Before we move towards the proper discussion of the topic in the context of ADAM, we should acknowledge that at the heart of what follows, there lies the following model (Croston, 1972): \[\begin{equation} y_t = o_t z_t , \tag{13.1} \end{equation}\] where \(o_t\) is the demand occurrence variable, which can be either zero or one and has some probability of occurrence \(p_t\), \(z_t\) is the demand sizes captured by a model (for example, ADAM ETS) and \(y_t\) is the final observed demand. In the context of intermittent demand, this model was originally proposed by Croston (1972), but similar models (e.g. Hurdle and Zero Inflated Poisson) exist in other, non-forecasting related literature.
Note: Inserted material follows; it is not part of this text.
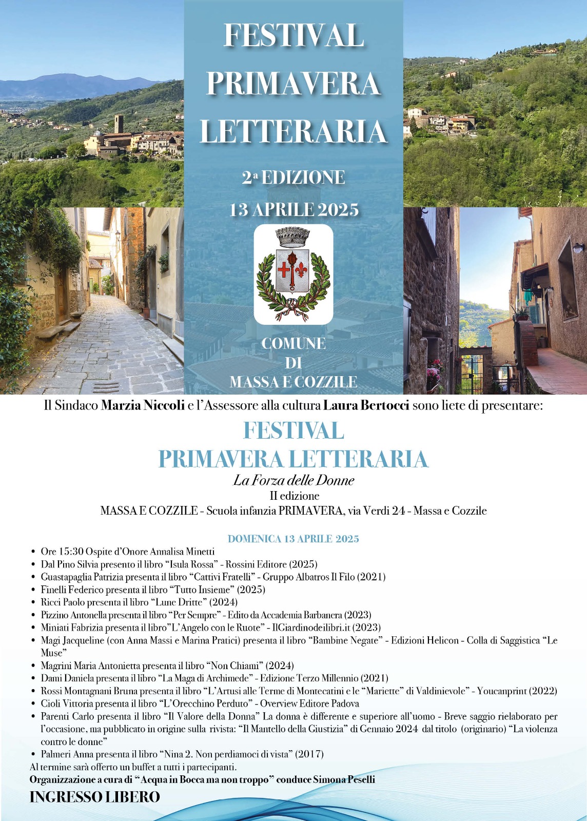 Domenica 13 aprile 2025, dalle ore 15.30, presso la Scuola dell’infanzia Primavera di Massa e Cozzile, torna, con la sue seconda edizione, l’appuntamento con Festival Primavera Letteraria.
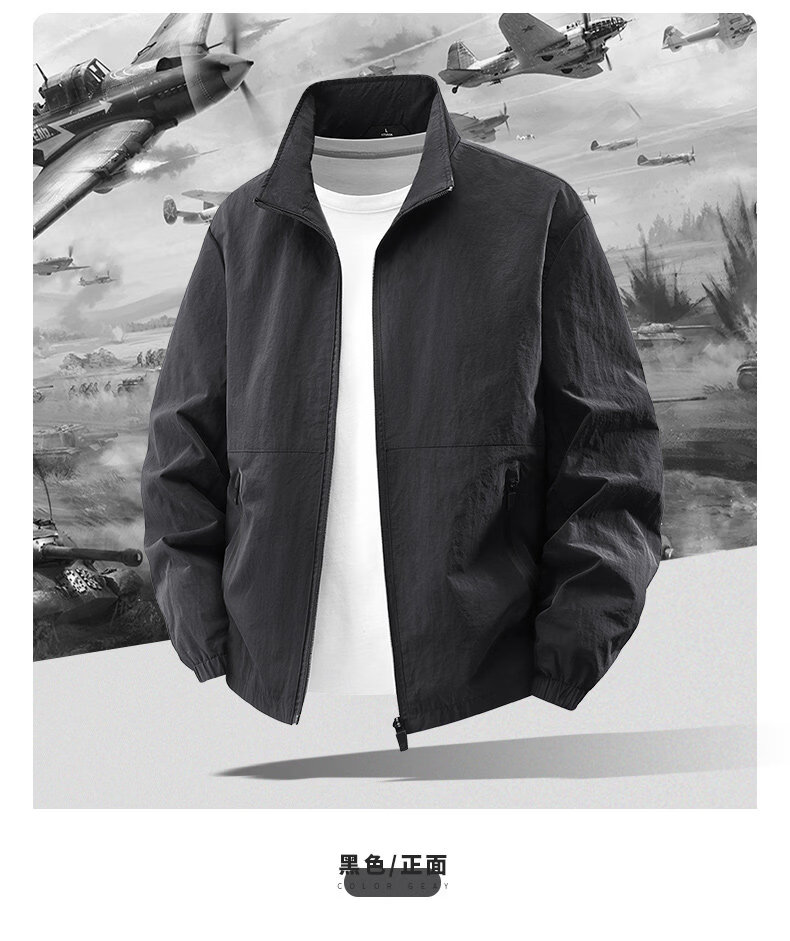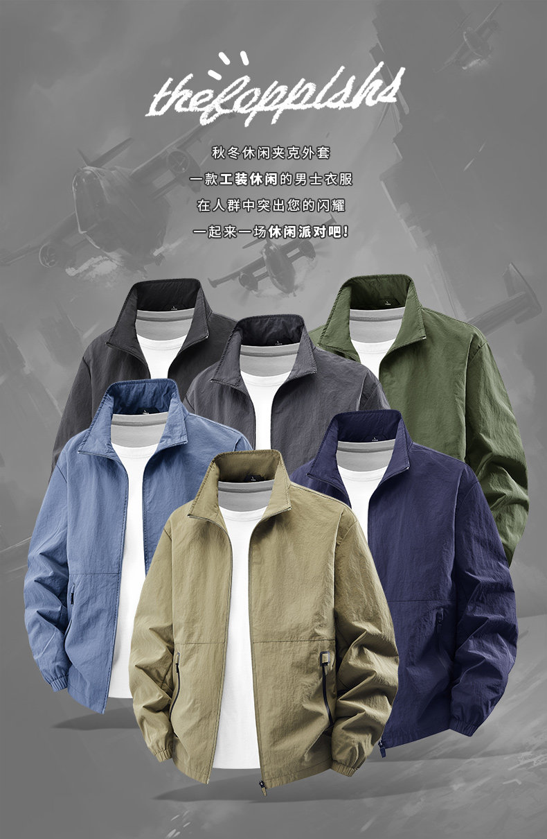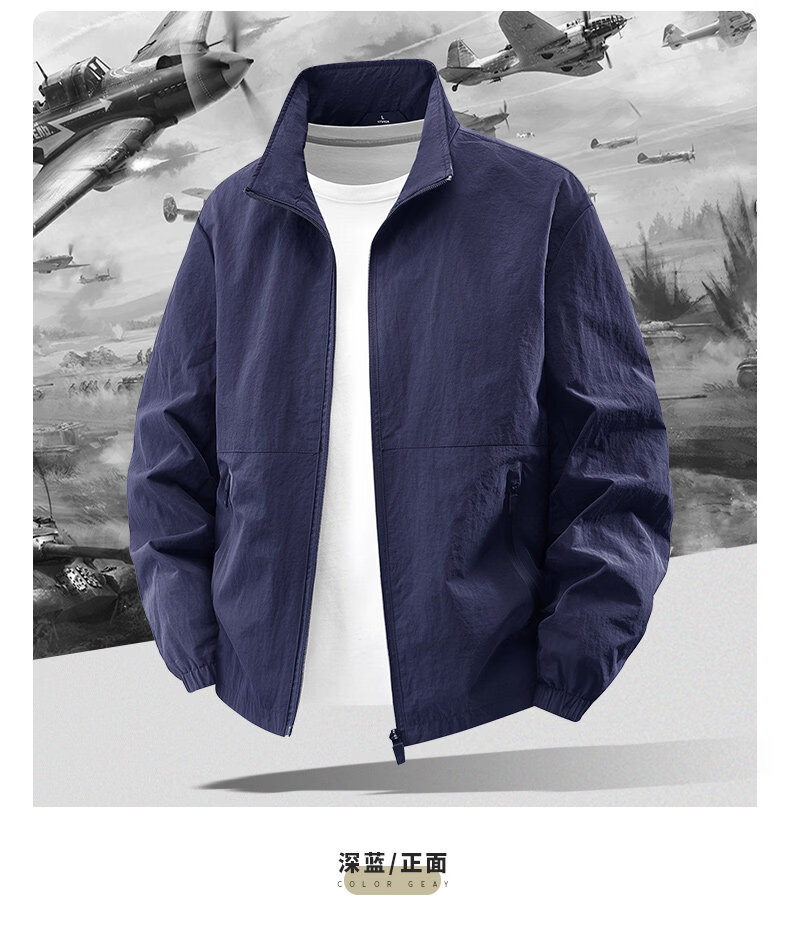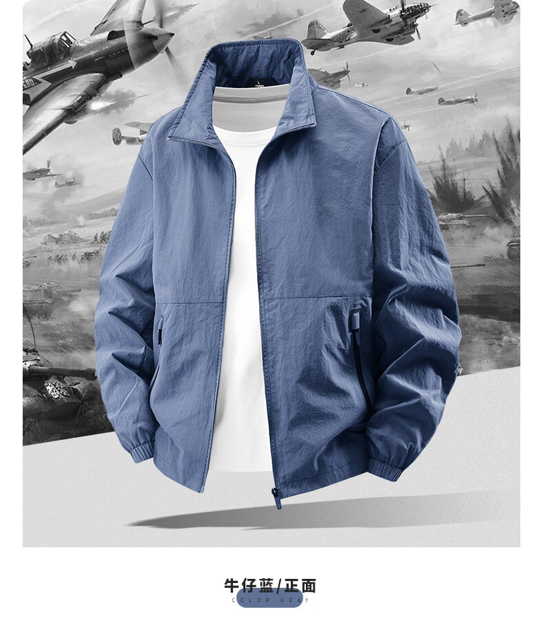 Hengyuanxiang Spring and Autumn Jacket Men's Stand Collar Jacket Loose Casual Men's Outdoor Sports Jacket Workwear Windproof Clothes Denim Blue 2XL

In this chapter, we will discuss the intermittent state space model (13.1), both parts of which can be modelled via ADAMs, and we will see how they can be used, what they imply and how they connect to the conventional regular demand. If ETS model is used for \(z_t\) then (13.1) will be called iETS. So, iETS(M,N,N) model refers to the intermittent state space model, where demand sizes are modelled via ETS(M,N,N). ETS can also be used for the occurrence part of the model, so if the discussion is focused on the demand occurrence part of the model, \(o_t\) (as in Section 13.1), we will use ``oETS’’ instead. Similarly, we can use the terms iARIMA and oARIMA, referring either to the whole model or just its occurrence part. Note, however, that while ARIMA can be used in theory, it is not yet implemented for the occurrence part of the model. So we will focus the discussion in this chapter on ADAM ETS. Furthermore, depending on how the occurrence part is modelled, the notations above can be expanded to include references to specific parts of the occurrence part of the model. This is discussed in detail in Section 13.1.

This chapter is based on Svetunkov and Boylan (2019). If you want to know more about intermittent demand forecasting, Boylan and Syntetos (2021) is an excellent textbook on the topic, covering all the main aspects in appropriate detail.